Уже в прыжке вдогон он схватил мой велик за багажник.
— Туда, сударио, — тычет в туманистый сутулый окоём, — на собственной тачке низзя. За-гра-ни-ца!
Я послушал и сражённо упал.
Услужливая соль обожгла мои царапины.
Волна ласково сняла с меня кепку. Как бы в раздумье подержала немного на месте, тихонько поволокла по песку. Стирает. Наверно, на свой баланс море принимало все дары только чистенькими.
Похоже, у берега не стиралось; кепку то ли понесло, то ли она сама азартно отбывала в чернеющую шаткую пропасть. Ну и катись колбаской! Не возрыдаю!
Я весело смотрел за её погибелью, в прощанье пусто поматывал пальчиками. Любовь была без радости, к чему печаль в разлуке?
Но вот опрокинутая кепка вскинула коричневую подкладку парашютным куполком, в панике дёрнулась к берегу. Тут её столкнуло назад, в темноту. Она одумалась, хотела вернуться? И не смогла?
Я бросился следом, долго в лихорадке охлопывал прохладный простор вокруг, пока обмяклая кепка не набежала под руку.
Мне казалось, она совсем-совсем закоченела.
Я торопливо нахлобучил её на голову. Так ей будет лучше, теплей.
Невесть отчего защипало в глазах.
Сколько лет мы купались под одними дождями, сколько мёрзли одними холодами, сколько прели под одним солнцем, сколько умывались одним по́том и на… Брось! Как бросишь? Это — самого себя бросить? В стужу грела… Случалось, за обедом где в столовке не всякий раз разлучался с нею, жалел снять с головы… А тут покинь навсегда?
Я накрыл кепку ладонями.
Вода весело полилась с неё по лицу.
23
Сорвали маску!
Позже выяснилось — то было лицо.
Юрка вяло обмахивается мокрым башмаком.
— Ну и парник… Давай путём скупнёмся. А то в Батум грязнёхами не пустят.
Мы раскинули свою амуницию на камнях. Сушись!
И дёрнули к воде.
Бежать мне не с руки (а может, не с ноги?). Братнины трусы избыточно просторны, до колен. Путаюсь я в этих бермудах, как стреноженный телок. Единый разок шагни — тут же сползают.
— Смотри! Морцо разденет и вытолкнет в одной мамкиной одёжке!

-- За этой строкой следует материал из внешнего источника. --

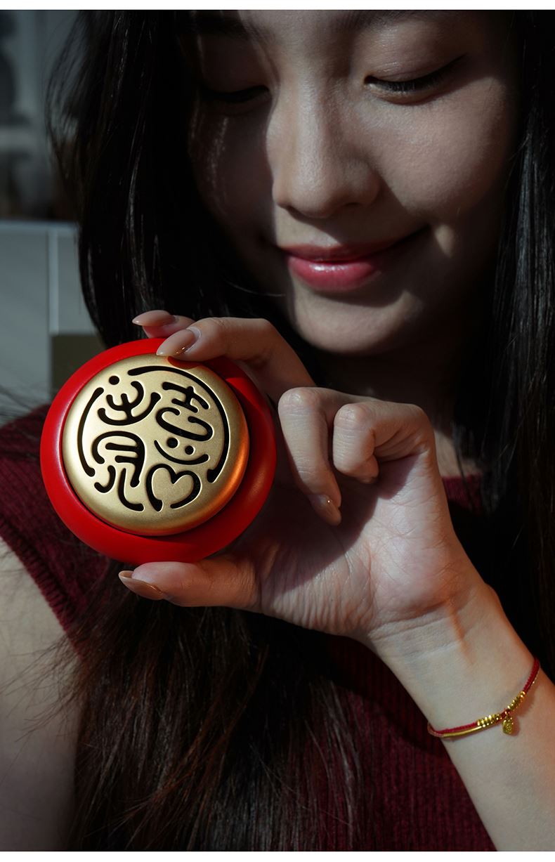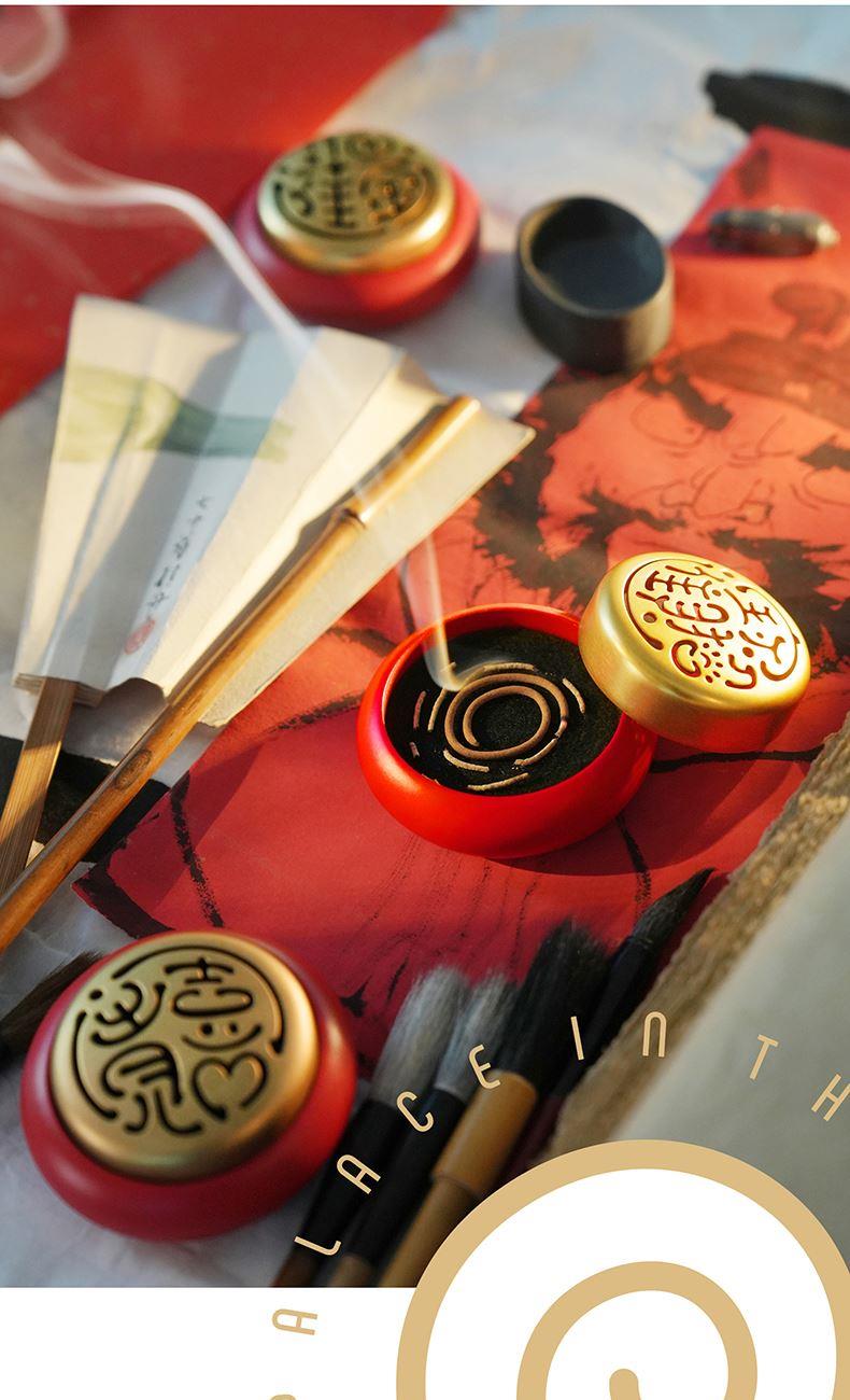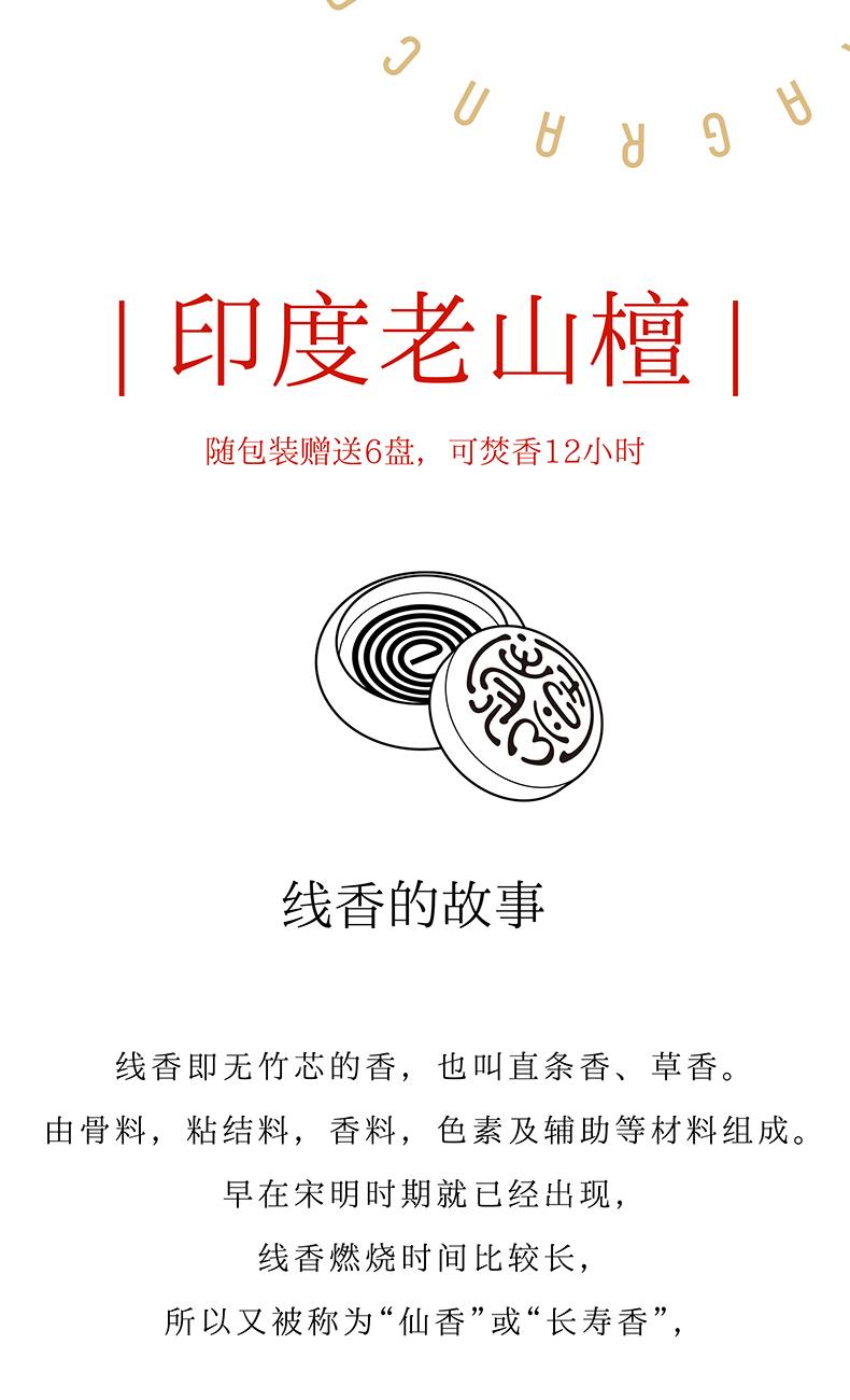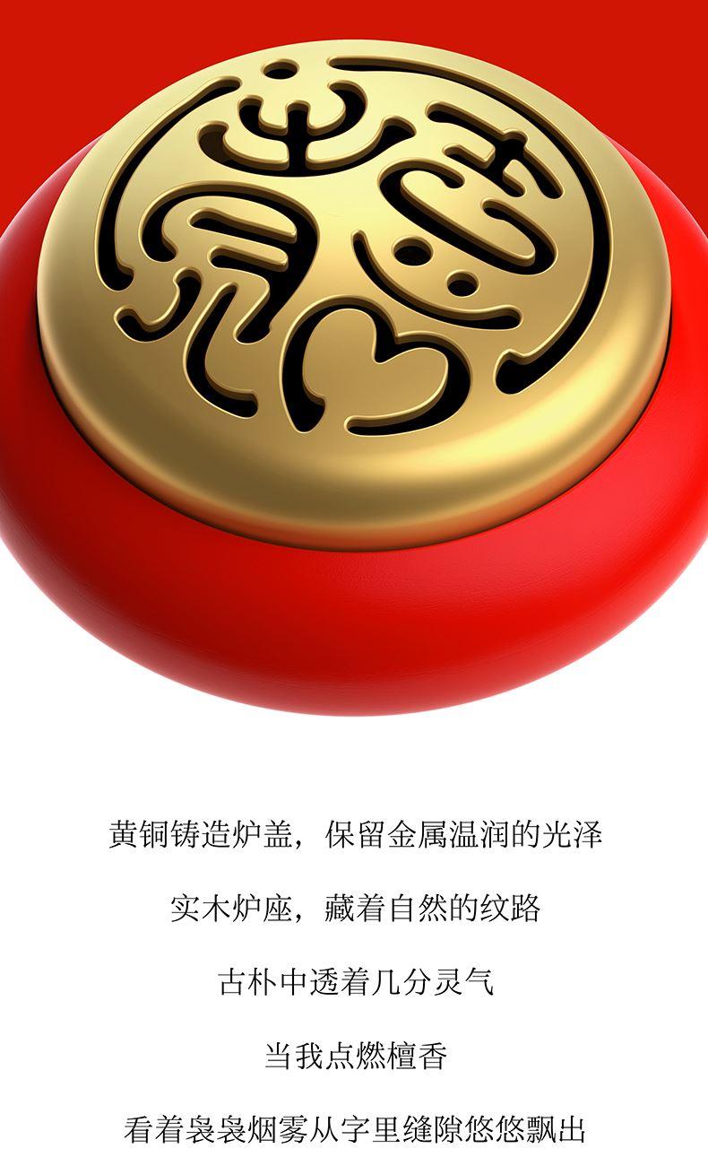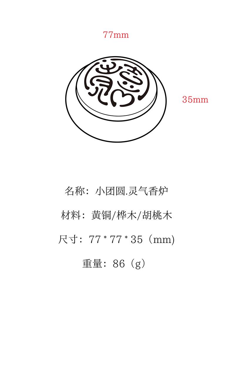 产品材质:黄铜+实木 产品尺寸:77*35MM 包装尺寸: 110*110*110mm 产品重量:86G 产品功能:香氛&盘香 使用时间:1卷/2小时 产品香型:印度老山檀 适用场景:居家、办公、酒店 产品特点:即是一个香氛,也是一个景观摆件,安神定心、喜庆、蕴意好

Я на палочку намотал резинку, подоткнул комок под неё. Вроде всё туго. А вода волнуется вокруг, будто током кто её подначивает. От этого ноги мои кажутся широкими, куцыми. И колышутся, подсвеченные голубизной.
Я слил ладошки в клин над головой, согнулся в дугу и нырнул.
На всех парах гребёшь под себя по-собачьи, отбрыкиваешься, словно кто гонится за тобой, хватает; ты бешено отталкиваешься ногами от воды и мало не на месте всё. Мне же кажется, с версту пропёр. До последней воздушинки сжёг, уработался. Вылетел палкой.
Юрка кулаком мне помахивает.
— Чего? — спрашиваю.
— Я-то ничего. А вот ты чего меня сфотографировал?
Я лап, лап себя по бокам. След родных трусиков прохладный. Умотали гады!
Как же я не слышал? Да хоть до армии их мне купят?
А они, собачки, совсемушки где-то рядом гуляют, поди, в обнимку с медузами, смеются. Ну да ладно. Вы у меня ещё обхохочетесь!
Поищемся…
Юрка излетал, исшарил всё дно вкруг меня. Одни пузырьки, весёлые позывные, лопались над водой, выдавали его путь. И с пустом вымахнул на берег погреться.
Куда ж они так скоро успели умчаться?
Тут всего-то по грудки.
Я нырнул, открыл глаза. Нырнул — слишком громко сказано. Я просто воткнул голову в море. Ха! У самых ног шевелятся как порядочные сизым облачком. Хотел спасательным кругом насадить себе на шею, но раздумал, шваркнул Юрке:
— Лови, ёкэлэмэнейка, наше достояние!
— Они, негодники, мокрые!
— А тебе из воды подай сухие? Подержи… Немного поплаваю вразмашечку. А то снова убегут.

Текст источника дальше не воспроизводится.